Vanda Felbab-Brown is a senior fellow in the Center for Security, Strategy, and Technology in the Foreign Policy program at the Brookings Institute. She thinks the ban is for real but will come with a high price.

"For several years, Taliban interlocutors were saying they were moving toward the ban," said Felbab-Brown. "It didn't work out for them in 2000, and later they were deeply engaged in poppy cultivation, but the leadership now is very conservative, very inward-looking, very doctrinaire, and is trying to restore 1990 policies. The more internationalist factions within the Taliban are much weaker and have not been successful in implementing policies.

"There is good reason to believe they will try to implement the ban, but that will have significant impacts on the implementers, including fighters, who have not gotten paid," she continued. "This will impact relations among the various factions and the ability of commanders to pay their fighters, which will be negatively affected by the ban.

"The question is how long will they maintain it, how long are they willing to squeeze the people and deal with compounding rifts within the Taliban. They don't want to alienate various factions, but in this case, we see a very conservative policy that will compound those rifts," she predicted.

Ahmadzai was not convinced that the ban reflected factional differences between conservatives and internationalists within the Taliban.

"I don't see any big differences in their policies," he said. "I haven't seen any breakups, so it's hard to say it's a power struggle between the factions. No one has spoken out against it; even those who were stationed in Doha have not spoken out against anything the conservatives have done. If there is a power struggle, it is not around differences over banning."

For Ahmadzai, the ban is little less than a publicity stunt, especially given harsh economic conditions and Afghanistan's desperate need to mollify the international community in order to get sanctions removed and assistance flowing again.

"The urban economy was already seeing its own share of destruction in the last eight months, and the rural economy is more or less based on opium," he said, "so more than anything this looks like another cosmetic step to let the international community know they are doing something. They want to make Iran or Russia happy.

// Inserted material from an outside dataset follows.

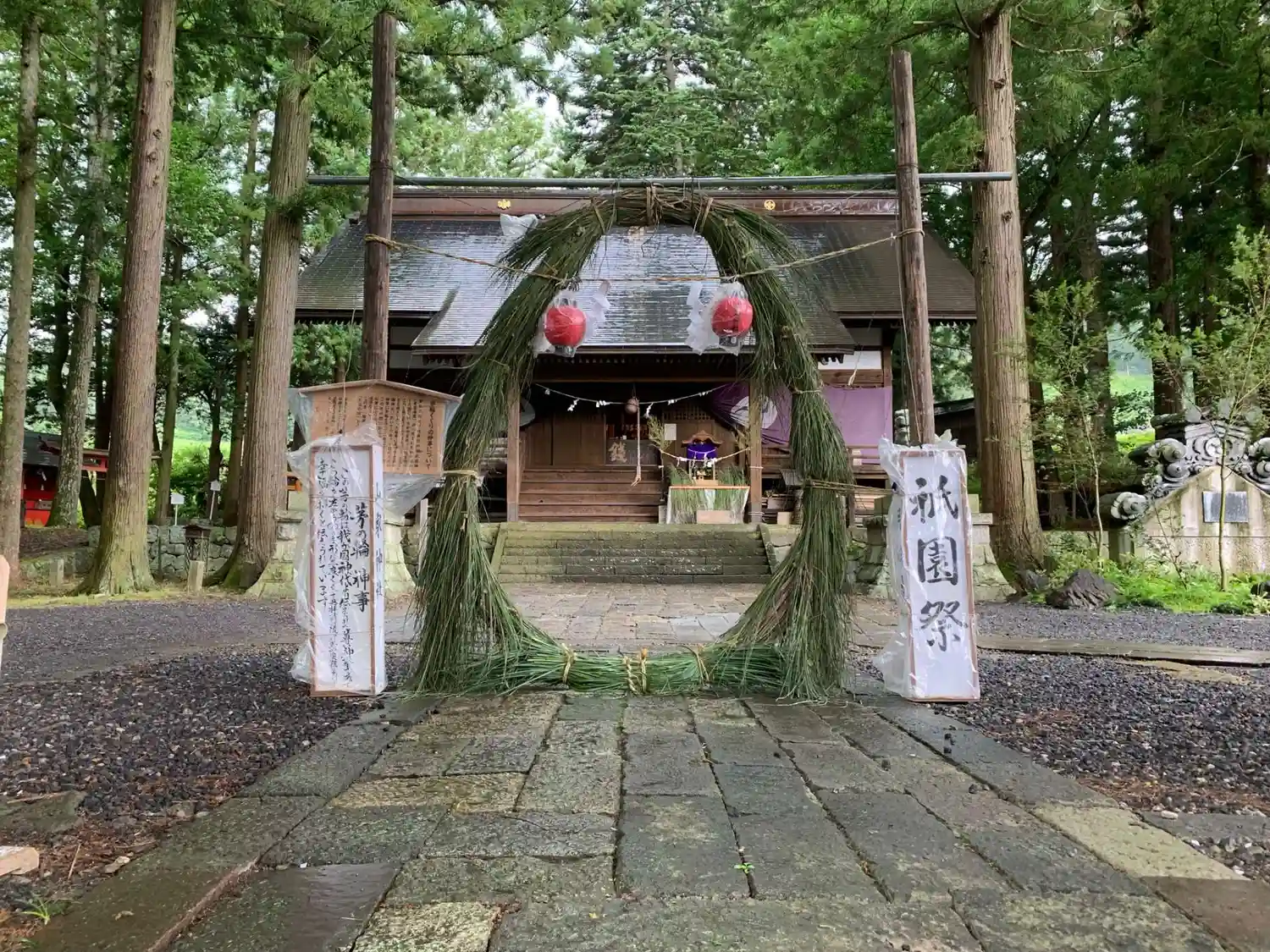 お祭りの前に小雨が降りはじめてしまったのですが、拝殿前…

Russia is a huge market for Afghan drugs, and the Russians want them to come down hard on opium production."

Felbab-Brown disagreed.

"There is also a possible international dimension to this; the Taliban may be trying to curry favor with Iran or Russia, but that is not the principal reason," said Felbab-Brown.

Whatever the reason for the ban announcement, if it actually happens, it is going to make tough times in Afghanistan -- the UN last month reported that the country is facing a food insecurity and malnutrition crisis of "unparalleled proportions" -- even tougher.

"The Taliban are not promising help or advising people what to do; their attitude is just cope with it. But the country is already in a drastic humanitarian situation, and this will not just hurt farmers, there will be significant knock-on effects," said Felbab-Brown. "The economy has dried up since the Taliban took power, and heroin has been one of the sources of liquidity. As problematic as the bans and eradication were in 2000, eventually they were not enforced and eradication was not funded, and now the economy is so much worse. The economic impact of the Western withdrawal is already awful; this will make it just tragic."